But Nella has seen plenty of contracts that quietly flip that. Most clients don’t notice, because the clause is buried in the parts that are boring and hard to read. Without an eye for these details, you can suddenly find yourself holding the bag for someone else’s mistakes.
Or take defects that weren’t accounted for. Imagine buying an essential service business like a construction office. A year later, mold starts growing behind a wall they built. Who pays? Without the proper planning, it might be you. That’s why Nella often pushes for tail insurance, so that any problems discovered later are covered by the seller’s policy. It’s not glamorous work, but it’s the kind of thing that prevents a seemingly good deal from turning into a nightmare.
Signs of a Successful Deal
If you want to know whether an M&A deal is going to work, you can’t just look at the spreadsheets. You have to look at the people that built the business.
Nella says the best predictor is whether the client is willing to listen. Clients who listen, ask questions, and are open to examining their own motives are much more likely to reach a successful outcome. When someone gets stuck on a number (“I just want X dollars” or “I need the buyer to keep all my employees”), they can derail their own chances of closing.
According to Nella, asking why is the most important tool in any profession. Why do you want that price? Why do you insist on that condition? Sometimes what clients think they want isn’t what they actually care about. A willingness to probe those assumptions often separates a smooth deal from a painful one.
Having this attitude brings you one step closer to reaching a fair deal. You have to remain open to the frustrations you’ll encounter during an M&A deal.
How to Handle Uncertainty
Every M&A transaction is riddled with uncertainty. Some you can control, most you can’t. Nella takes a three-part approach.
Deal with the controllable: tighten up indemnification, add tail insurance, draft contingencies.
Gain information: look at existing contracts and search for possible liabilities.
Prepare the client for what can’t be controlled.
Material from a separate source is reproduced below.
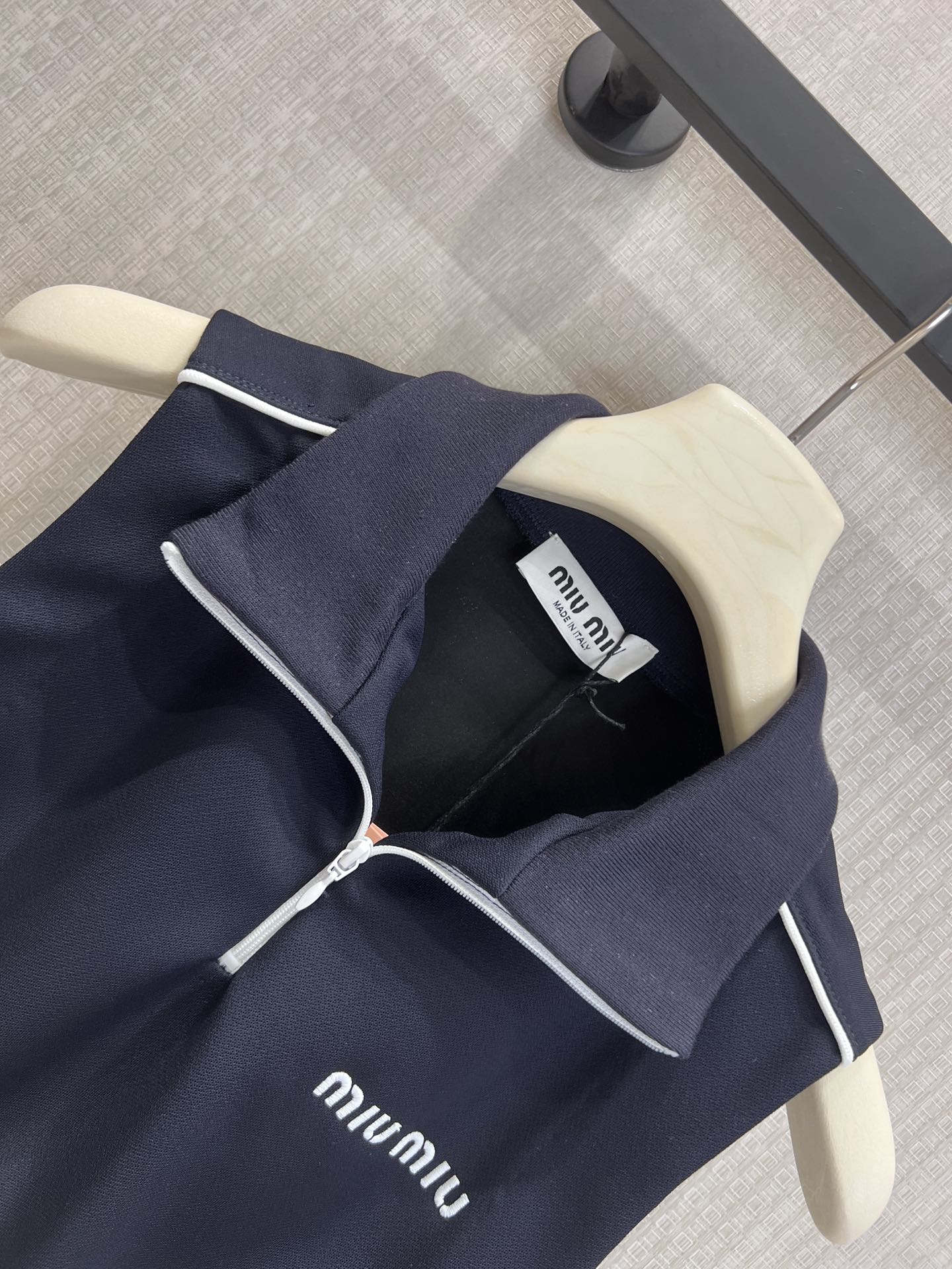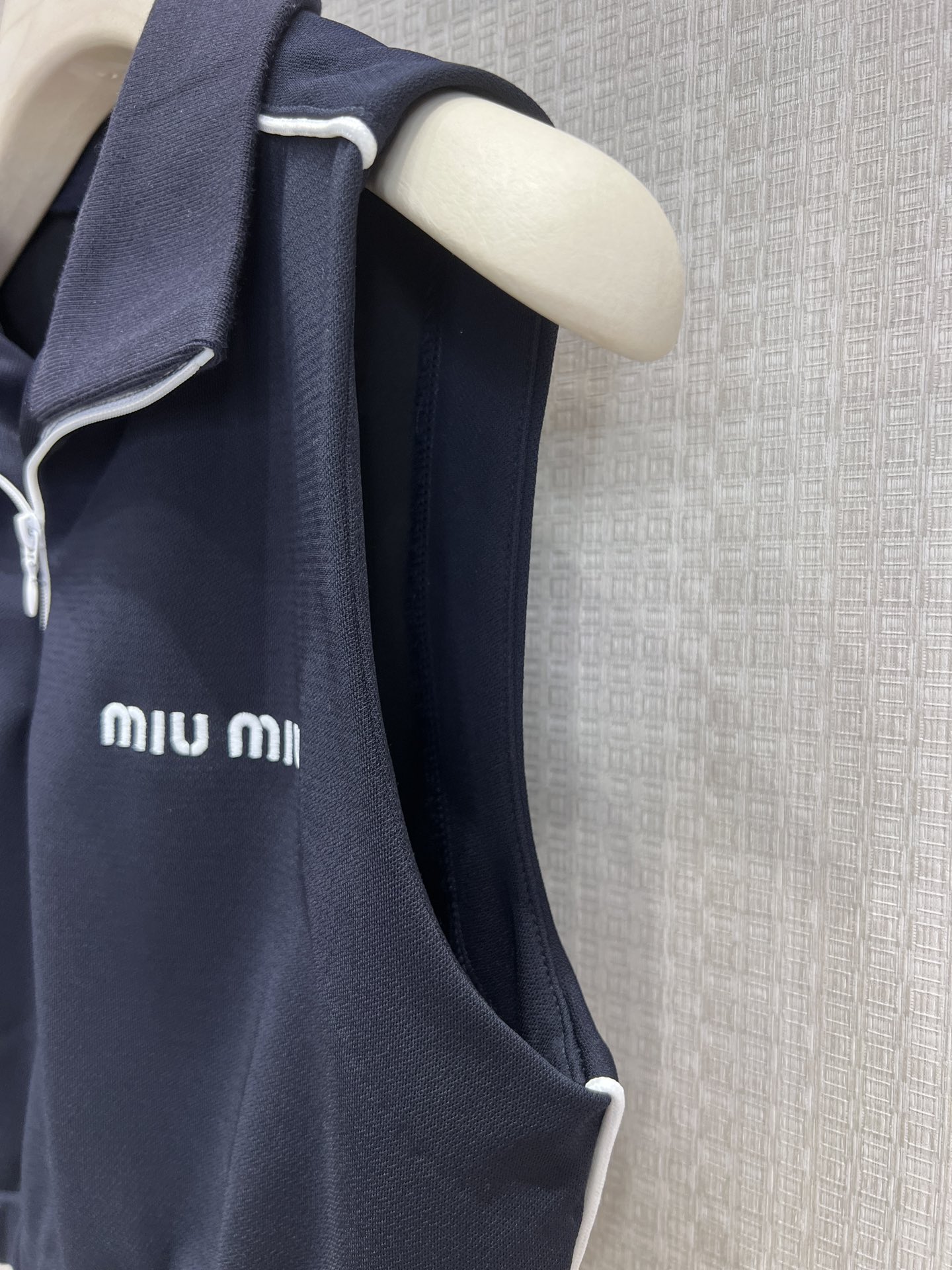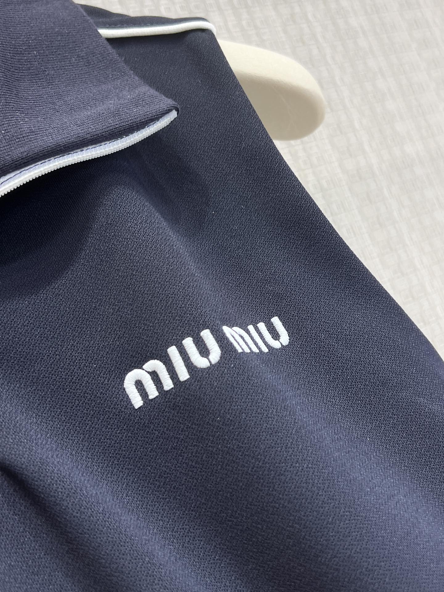 这款衣服是AAAAA 1:1 质量 (非常棒). 使用了和原版一模一样的材料. 商标部分也保持了和缪缪/Miu Miu一样. 图片拍摄是实物衣服拍摄, 您所收到的实物保证和我们图片一模一样.

Within the first two calls, Nella tells clients to expect a moment (usually just before closing) when it feels like everything is about to fall apart. Maybe the landlord won’t approve the lease transfer, or there’s an unexpected bank lien, or the seller suddenly gets cold feet. Almost every deal hits a wall in the two weeks before closing.
And 95% of the time, those deals still close. The obstacle turns out to be a boulder in the road, not a brick wall. Even if you can’t smash through it, you can usually go around it. The trick is telling clients in advance that the boulder is coming. That way, when the obstacle does come around, they don’t panic.
I’m Not Happy, Bob. Not. Happy.
A lawyer’s job in M&A isn’t to make clients happy. It’s to keep them safe. That means spotting the things no one else is thinking about, keeping expectations realistic, and reminding everyone what a fair deal actually looks like.